Puffed food is a puffed food with a certain volume of crispness, which is made up of grains, potatoes or beans as main raw materials and is expanded by baking, frying, microwave or extrusion. Because the structure of this kind of food is porous and fluffy, the taste is crispy and sweet, which is very popular among children. Some people still eat every day!
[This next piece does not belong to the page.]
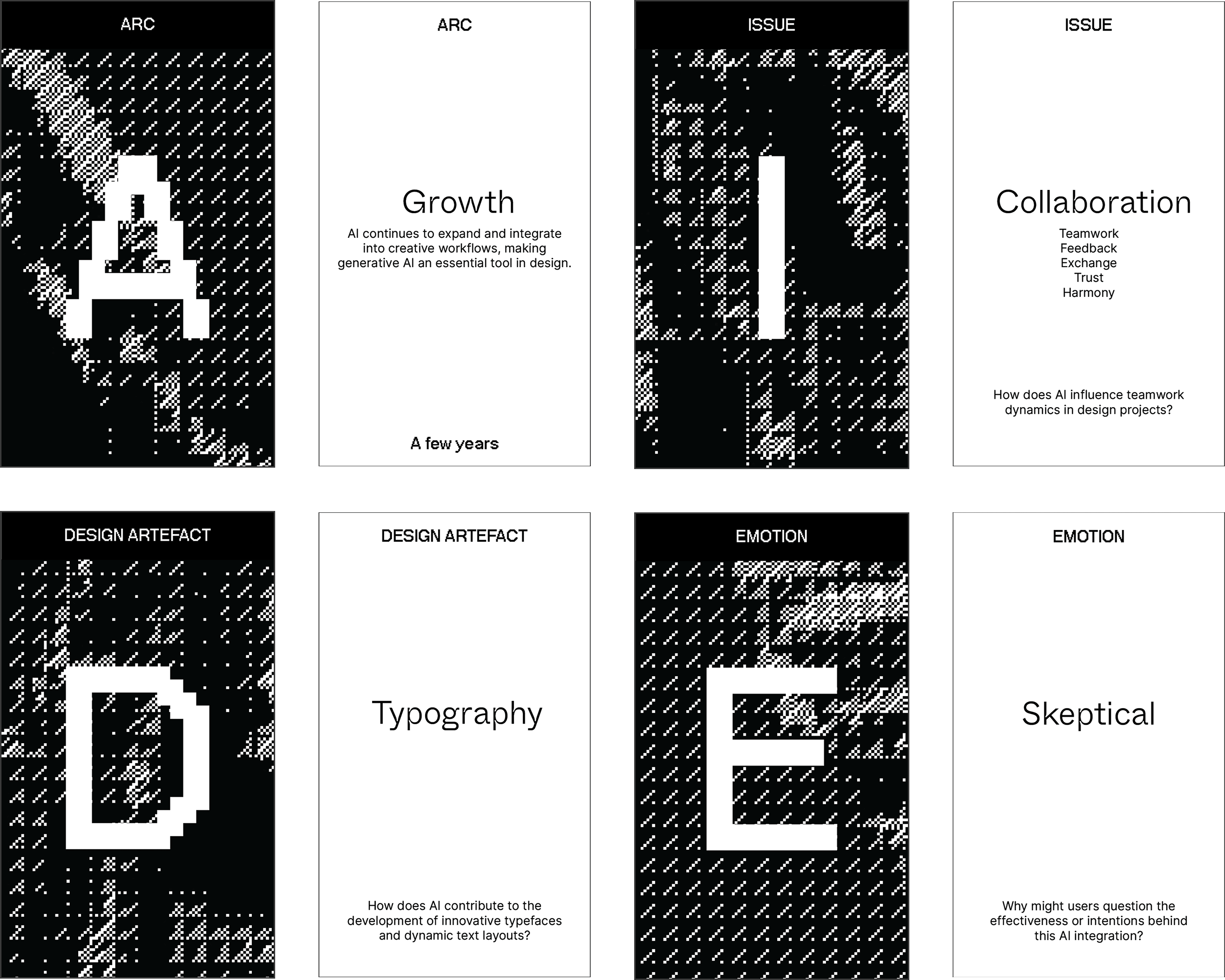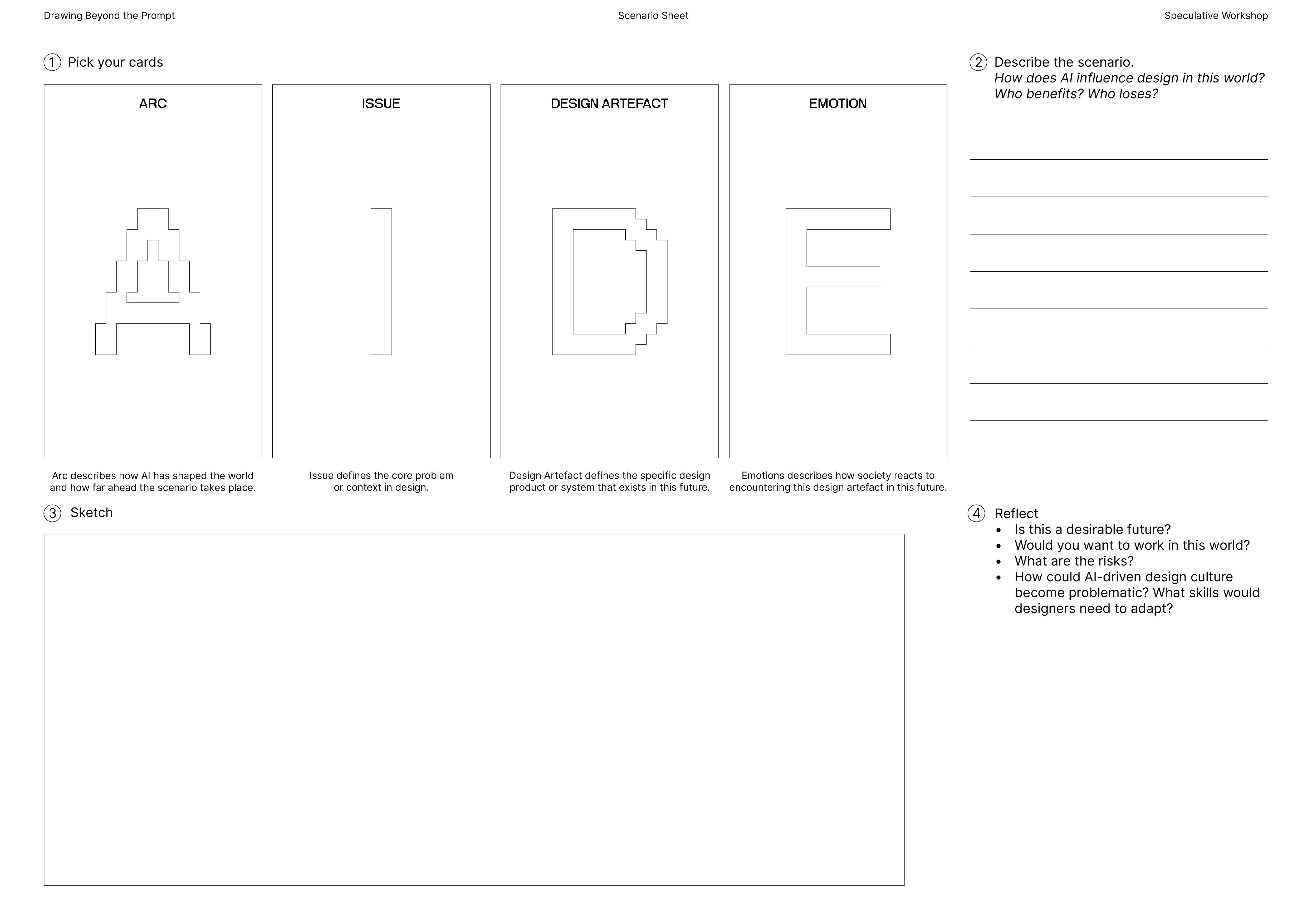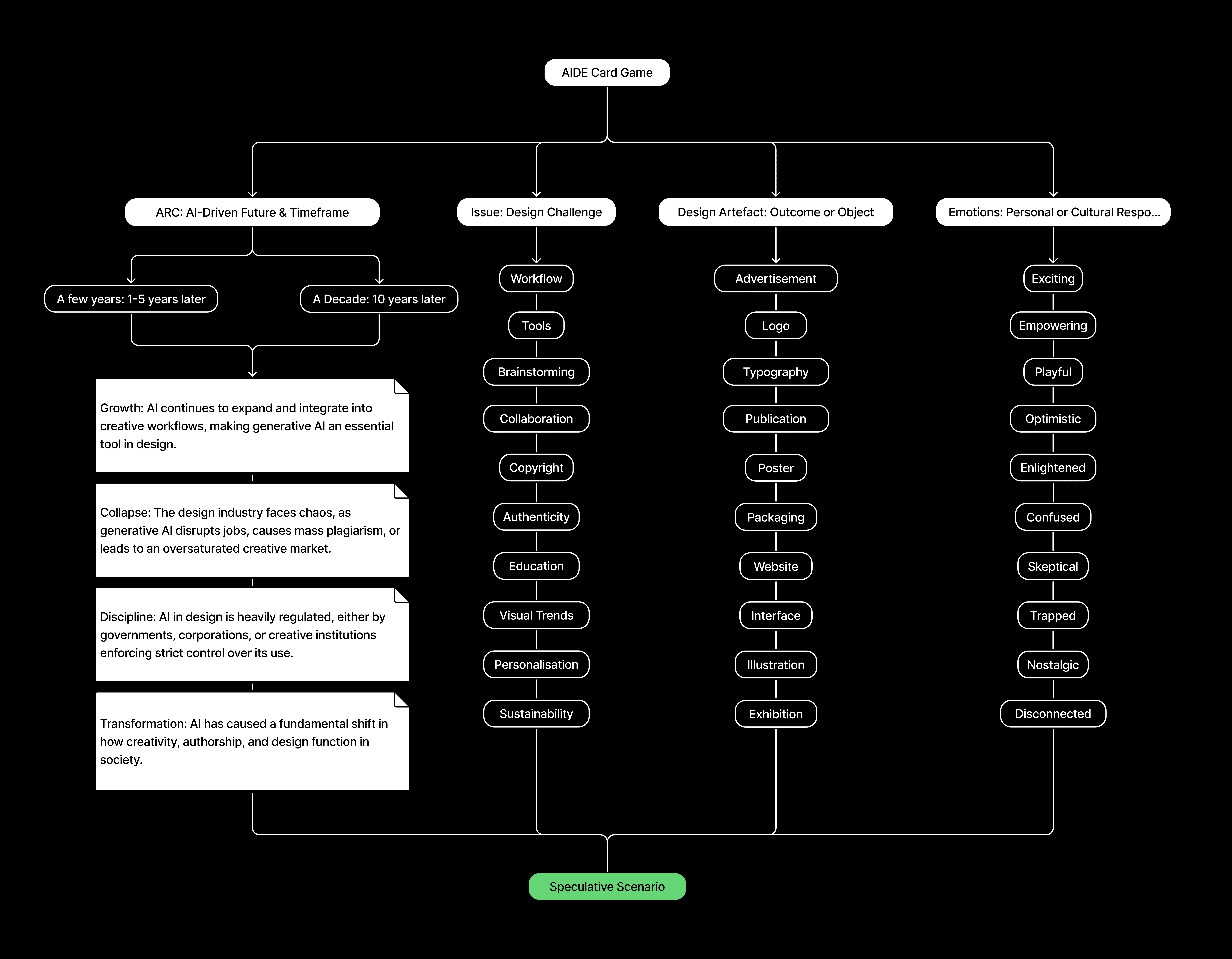The AIDE Card Game (Arc, Issue, Design Artefact, Emotion) is a speculative design tool created to help designers think critically and creatively about the future of AI in design. It is used in workshops to generate imaginative scenarios that explore how AI might shape creative workflows, authorship, and ethics.

Raw materials: grains, beans, potatoes, vegetables, etc.
Puffed food is a new type of food developed internationally in recent years. It uses cereals, beans, potatoes, vegetables, etc. as raw materials, and through the processing of puffing equipment, it produces a variety of foods with exquisite appearance, rich nutrition, crisp and delicious food. Therefore, a large class of food has been formed uniquely. Since the equipment for producing such puffed food is simple in structure, easy to operate, low in equipment investment, and fast in profit, it develops very rapidly and exhibits great vitality.
Kind
There are three types of puffed foods depending on the product:
One is a snack food produced from corn and potato;
The second is to produce tissue protein food (plant meat) by using vegetable protein as raw material;
The third is the staple food made from grains, beans or potatoes as raw materials.

Principle
When the grain is placed in the extruder, as the heating and pressurization progress, the water in the grain is overheated, and the grain itself becomes soft. When a certain high pressure is reached and the expander cap is opened, the high pressure changes rapidly. At normal pressure, the water in the superheated state of the grain suddenly explodes in a moment and a strong explosion occurs. The water molecules can expand about 2,000 times. The huge expansion pressure not only destroys the external shape of the grain, but also pulls The intrinsic molecular structure of the grain is broken, and the insoluble long-chain starch is chopped into water-soluble short-chain starch, dextrin and sugar, so that the insoluble matter in the puffed food is reduced, and the water-soluble substance is increased.

Technical advantages
High conservation rate and digestibility of folded nutrients
The protein-rich plant material is extruded by high temperature for a short period of time, the protein is completely denatured, and the tissue structure becomes porous, which is beneficial to the contact with human digestive enzymes, thereby improving the utilization rate and digestibility of the protein; Rebirth phenomenon. In the process of preservation of cereals, reincarnation is a problem often encountered. Due to reincarnation, the taste of the product becomes rough and the digestibility is greatly reduced.
Folding gives the product better nutritional value and functional properties
When using extrusion technology to process cereal-based foods, additives such as amino acids, proteins, vitamins, minerals, food colorings, and flavoring materials can be evenly distributed in the extrudate, irreversibly combined with the extrudate. Achieve the purpose of fortified food. Since the extrusion is operated instantaneously at a high temperature, the loss of nutrients is small.
Folded and easy to eat, a wide variety
In the raw materials such as cereals, beans, potatoes or vegetables, different excipients are added, and then extruded and extruded to produce a variety of nutritious puffed foods; since the puffed food has become cooked food, most of them are Ready-to-eat foods (open for packaging and ready to eat), easy to eat, save time, is a kind of convenient food with great development prospects.
Easy to digest and absorb
According to the process data of the puffed food, the puffing technology can completely gelatinize the starch (the so-called alpha refers to the raw starch in the food, that is, the beta starch turns into the alpha starch), and the already formed alpha starch cannot be restored after being placed. Beta starch, so the food maintains softness, good flavor and high digestibility. This is another feature of the expansion technology superior to other physical processing methods. It opens up a new processing field for coarse grain fine work. Thus, it presents the following advantages:
The nutrient loss is small and easy to digest and absorb: the expansion technology not only changes the shape of the grain, but also changes the internal molecular structure, and the vitamin of the grain is less damaged (for example, the content of vitamin B1 and B6 is significantly higher than that of the cooked food); The puffing technology makes the starch fully mature, and the puffed food is mostly porous, which is convenient for human body to absorb (for example, the protein digestibility after rice cooking is 75.3%, and after puffing can be increased to 83.8%).